For this, we also need a global marketing campaign. We have already a lot to do fighting illegal fishing hand in hand with governments. But other organizations should take such action.
To what extent do certifications, such as those of the MSC, contribute to improving the image of the fishing industry? Are they just a placebo to calm our conscience?
Certifications are a business. They charge for the use of a logo. How much do you think we would earn if we put out a logo that says Sea Shepherd approved? Every fisherman would want the logo, it is just a business.
So, what does sustainability imply, the Dolphin safe logo?

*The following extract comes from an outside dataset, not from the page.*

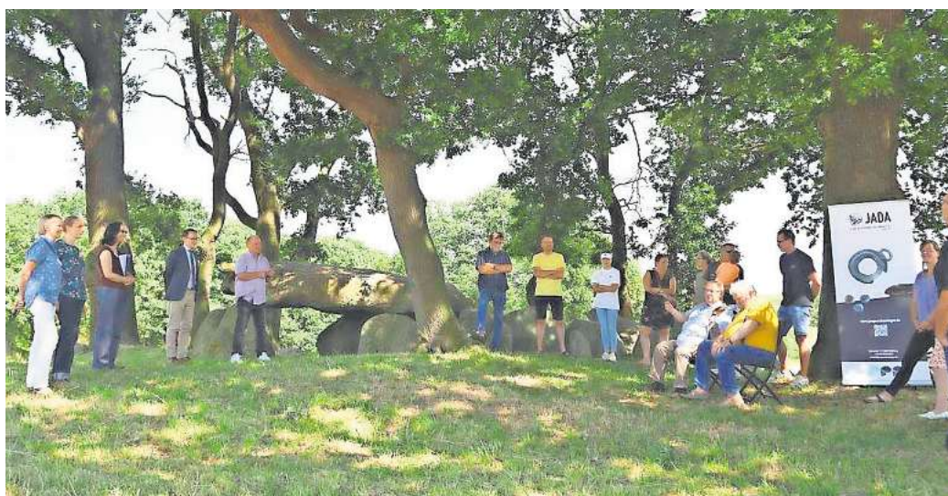
Die Vortragsreihe "Archäologie im Landkreis Gifhorn und Umgebung" geht in eine neue Runde.

Mit etwa 30.000 Fundstellen ist Sachsen-Anhalt sehr reich an archäologischen Denkmälern. Und ständig kommen neue Fundplätze über die Auswertung von Luftbildern, Laserscans oder Archivunterlagen hinzu. Nur wenige dieser Fundplätze sind oberflächlich noch erkennbar. Zu den eindrucksvollsten und den ältesten gehören zweifellos die jungsteinzeitlichen Großsteingräber, auch

For us the Dolphin safe logo is a joke, it has zero value. They may have a person on board who reports the number of dolphins that die in each catch, but there is no control over the number of rays, turtles, sharks, or whales. We have images of a whale and one hundred sharks within a net of a tuna fishing vessel, because “bycatch” means an unwanted species.
Regarding incidental fishing, Ecuadorian tuna vessels point out that "maybe a turtle or a shark falls" in a net but they release them immediately. How can technology help control bycatch?
The first thing I want to say to the tuna vessels is that if that is true, why not install cameras to record everything they are doing, because I do not have confidence in those figures. We only have the word of the captain of the fishing boat.
Tuna vessels use airplanes, radars, sonars, and satellite technology to search for tuna. What technology can be used to monitor fishing and longline fleets?
The first thing is to install cameras to monitor fishing operations. If all ships have cameras that can be accessed and cannot be erased, there we would have evidence of whether what they say is correct or not. We can see the percentage of bycatch.
At what cost? How much does it take to implement this technology?
The cameras cost very little, close to a thousand dollars. The difficult thing is that the fishermen allow the cameras. In Europe, we have a campaign in France to avoid catching dolphins in the Atlantic and all the fishermen refuse to install cameras and increase control on board. They are killing dolphins. I am not saying that Ecuador's fishing fleet is killing dolphins, I just want to know if what they say is true.
Have you carried out studies to fully understand the tuna value chain?
It is not a subject that we are aware of. Our approach is to combat illegal fishing because it is very clear that there is bycatch of 30 to 40 per cent worldwide. Besides, there is a perverse subsidy system that does not allow local fishing fleets to compete. How can Africa's fishing fleet compete with Europe's? One measure is to remove subsidies to these fleets so that the price of seafood is not artificially low.
In which Latin American countries Sea Shepherd operates?
In Peru we started the first patrol with the Ocean Warrior, our flagship vessel, we also work with Peruvian prosecutors to carry out air controls. We have a campaign in Mexico to protect the Vaquita Marina and we are about to start in five more countries, but the names will be published when the agreements are signed. Also, we have the work with the Government of Ecuador in Galapagos, and we hope to return to patrol in the Marine Reserve.
Have you already smoothed out the old problems with the Ecuadorian Navy due to the disagreements at the beginning of the patrols of the Galapagos Marine Reserve?
We have returned to Galapagos several times. We have Sea Shepherd Legal Division, and we are working with prosecutors in Latin America. We hope to return to patrol the sea, we provide the boat, the crew, we pay all the expenses, and the government officials do their work using our equipment. This cooperation helps the environment, the Government and Sea Shepherd; it is a win-win.
What would you say to the young people who see Seaspiracy both in the Galapagos and in other parts of the world, who are increasingly conscientious about conservation?
I can only apologize to young people for the mess my generation made to the world. Those between 18 and 20 years old will have to repair the damage that previous generations did to the planet. I am hopeful that we can change!